# few pictures of my champagne D'Argent rabbits



## scfarmboy (Jan 16, 2012)

hi i decided to post a few pictures of my champagnes ive had them almost a month now and must say i really enjoy them  the pictures arent the best as i had to us my phone as i lost my  charger to my camera some how and will have to pick one up when i get paid this week  so for now these will half to do does  any one  else on here raise champagnes  
ps they are in my basement right now with heat lamps to keep the warm and waters from freezing


my 7 month old sr. buck Mr. whiskers






my two jr. does 3 1/2 months old


----------



## happyhensny (Jan 16, 2012)

They are so sweet!


----------



## flemish lops (Jan 19, 2012)

Very nice


----------



## Heartlandrabbitry (Jan 24, 2012)

I raise and breed Champs.


----------



## 2seth2 (Jan 26, 2012)

cute


----------



## DKRabbitry (Jan 27, 2012)

I raise champagnes as well.  They are my favorite 

Just curious, why do you feel you need heat lamps to keep them warm?  How cold is it in your basement?  and did the person you got them from keep them inside?

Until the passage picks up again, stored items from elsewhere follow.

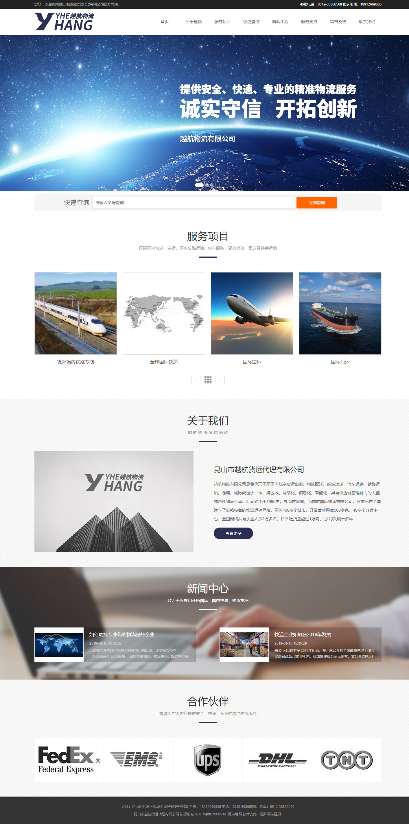 昆山市越航貨運代理有限公司是客戶介紹的一位外地企業(yè),所以在合作的時候已經(jīng)建立了信任基礎(chǔ),很快就與創(chuàng)絡(luò)科技網(wǎng)絡(luò)公司達成合作。該網(wǎng)站是一家做物流快遞的展示性風格網(wǎng)站。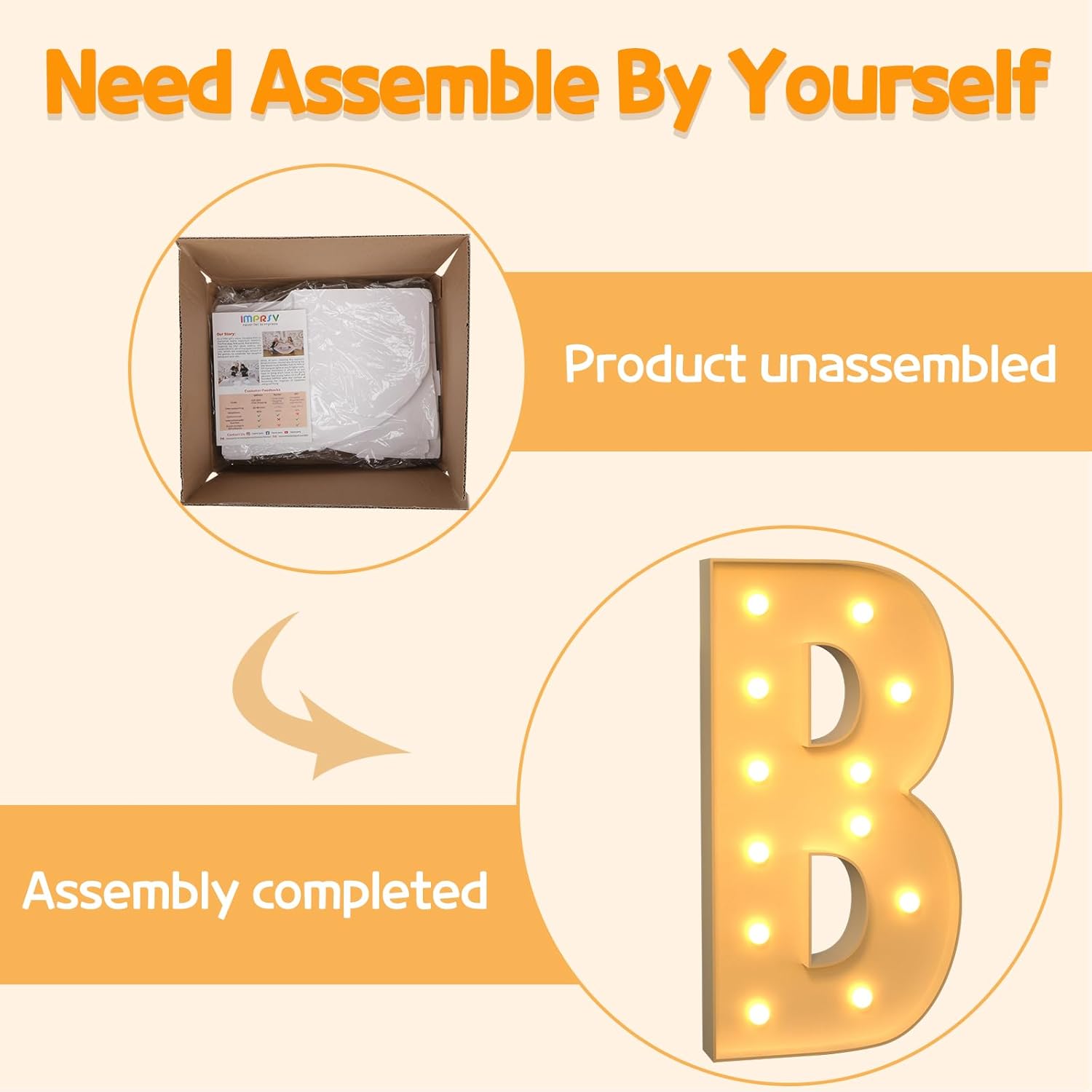 • Assembly Required: Our large marquee letters is made from foam board and easy to assemble with our splicing mode. Just follow the numbered instructions to align and insert the bottom plate, and reinforce it with a hot glue gun. Then, you're done!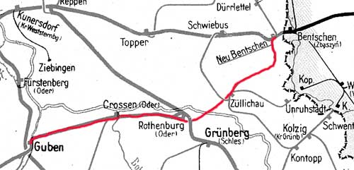 Guben 0,0 - Rothenburg (Oder) 52,17 - Neubentschen 95,99 (1938)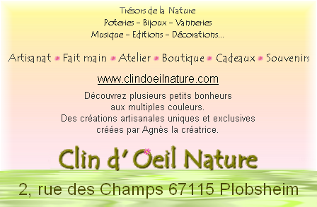 Clin d'oeil nature est aussi une boutique de créations artisanales, des pièces uniques, made in Alsace.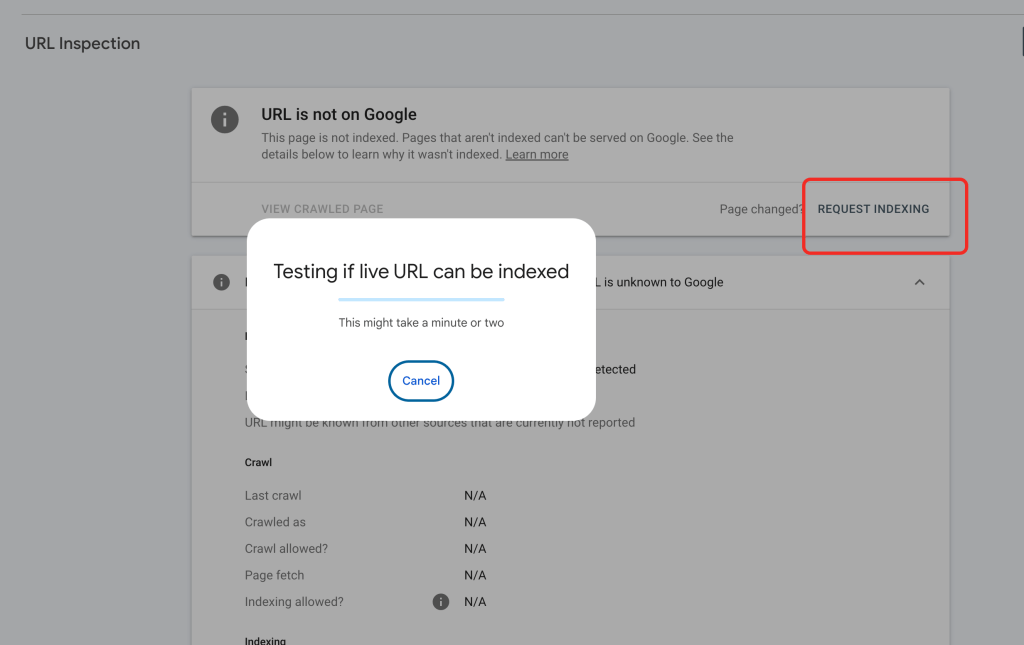 此时Google提示该页面尚未被收录,点击“REQUEST INDEXING”按钮,请求索引。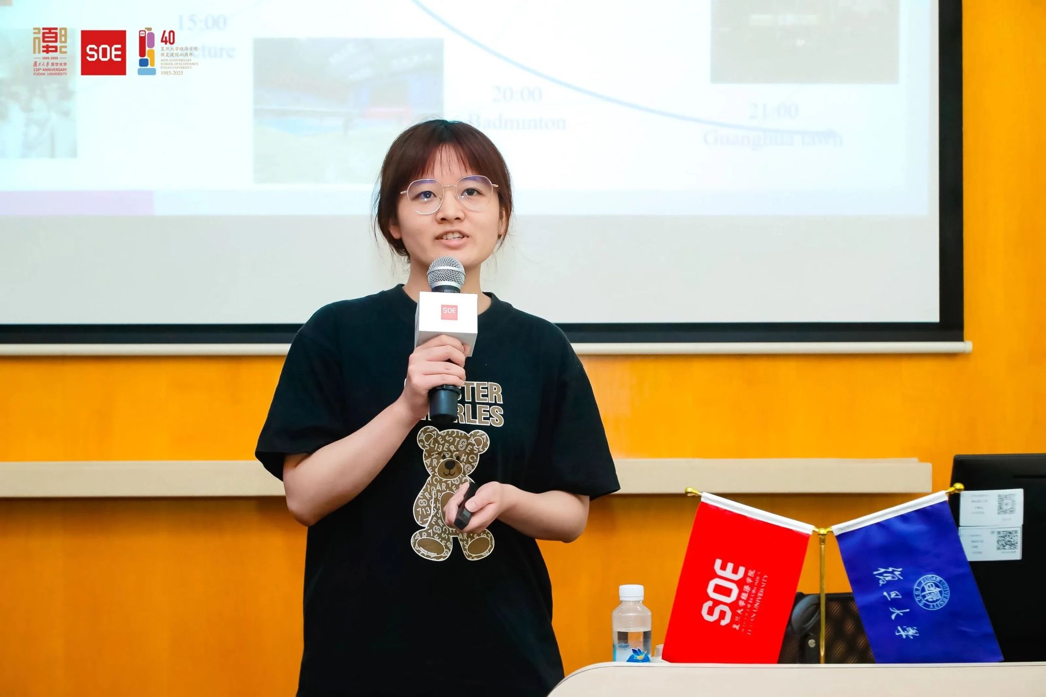 接着,助教金佳琦从学姐角度出发,向学员们分享了自己在复旦的学习与生活体悟。详尽介绍了复旦的校园环境、食堂特色、学习资源和多彩活动,生动展现了百廿复旦的人文底蕴与独特魅力。项目组老师详细阐述了本次夏令营的活动概况与日程规划。
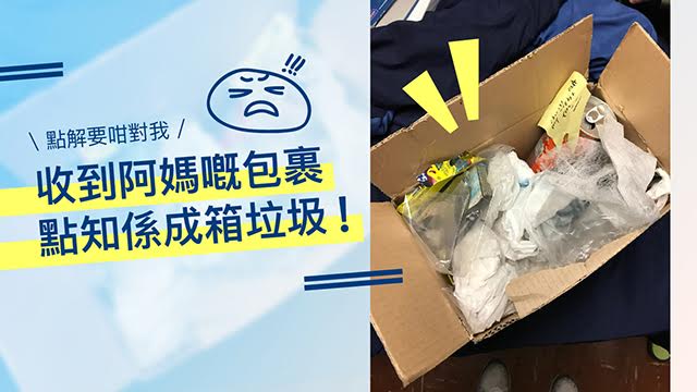 阿仔收到咁大箱意外驚喜,梗係即刻打返屋企問下咩事啦,點知阿媽好冷靜咁話:「嗰啲全部都係你本身應該掉出門口嘅垃圾」。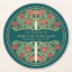 Dessous-de-verre Rond En Papier Teal Royal Medieval Gold Sword Wedding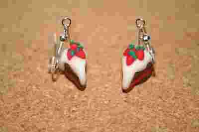 Kolczyki z modeliny, torty z truskawkami i lukrem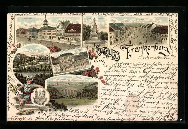 Lithographie Frankenberg i. Sa., Marktplatz und Schlossstrasse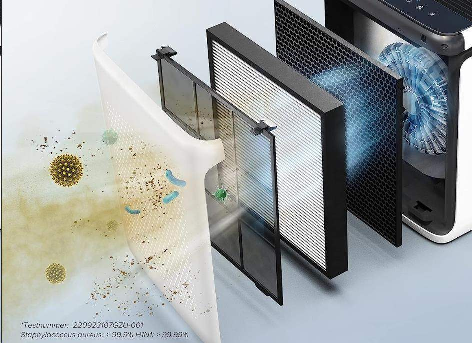 Druhú vrstvu tvorí H13 True HEPA filter s technológiou HEPASmart™. Vylepšené staticky nabitými vláknami, ktoré zachytia najmenej 99,97% častíc prenášaných vzduchom o veľkosti 0,3 mikróna, ako je jemný prach, častice dymu, pleseň, baktérie, peľ, dymové častice, roztoče a zvieraciu srst. To odlišuje Levoit od konkurencie, pretože HEPA H13 filter je oveľa kvalitnejšie a spoľahlivejšie ako bežne používané filtre. Nezávislé testovanie 220923107GZU-001.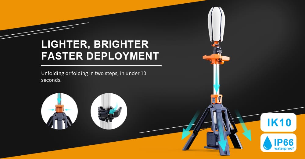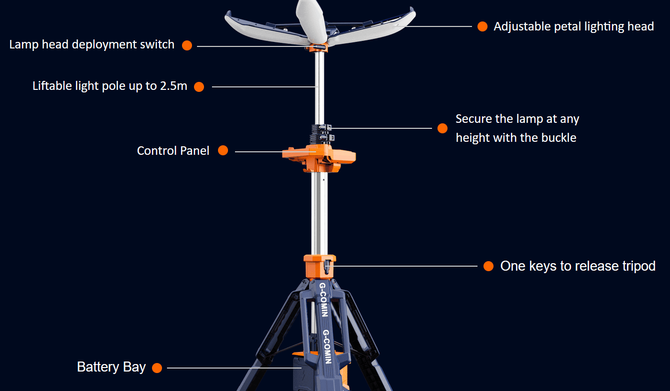 The PL-200 Petal Light Tower combines 360° illumination, innovative design, and powerful performance in one ultra-portable lighting solution. With its biomimetic petal structure and seamless deployment in just 10 seconds, it provides professional lighting anywhere, anytime.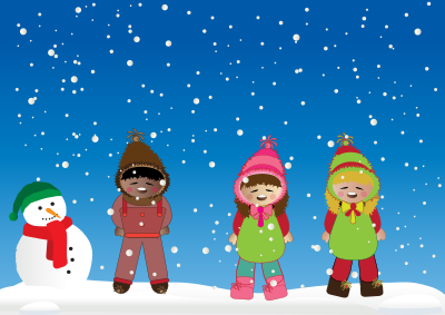 Snowy Scene with Kids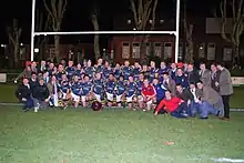 In the 2012/13 season the 1st XV was captained by Will Belvins with Lloyd Collier as Chairman. This year saw the revival of the game against the University 1st XV on the final day of the Christmas term, under floodlights on the Bournbrook. In what was one of the most impressive performances seen by any Club side over recent time, the 1st XV ran out 15-11 winners in what was an incredible performance in front of over 1000. Unfortunately, after an impressive start in NAMS, we eventually lost out to Cardiff Medics in the semi-final.[6]

I suppose if you have had them a month now and they haven't had any issues with the heat they will be okay.  My rabbits are outside all year, so they are used to the cold when it is cold out.  If I need to bring one inside for any reason, they stay out on my back porch where it is cooler.   I have never needed to keep one warm that was over a week old.

I hope you enjoy your new bunnies.  Be careful, Champagnes are addicting!


----------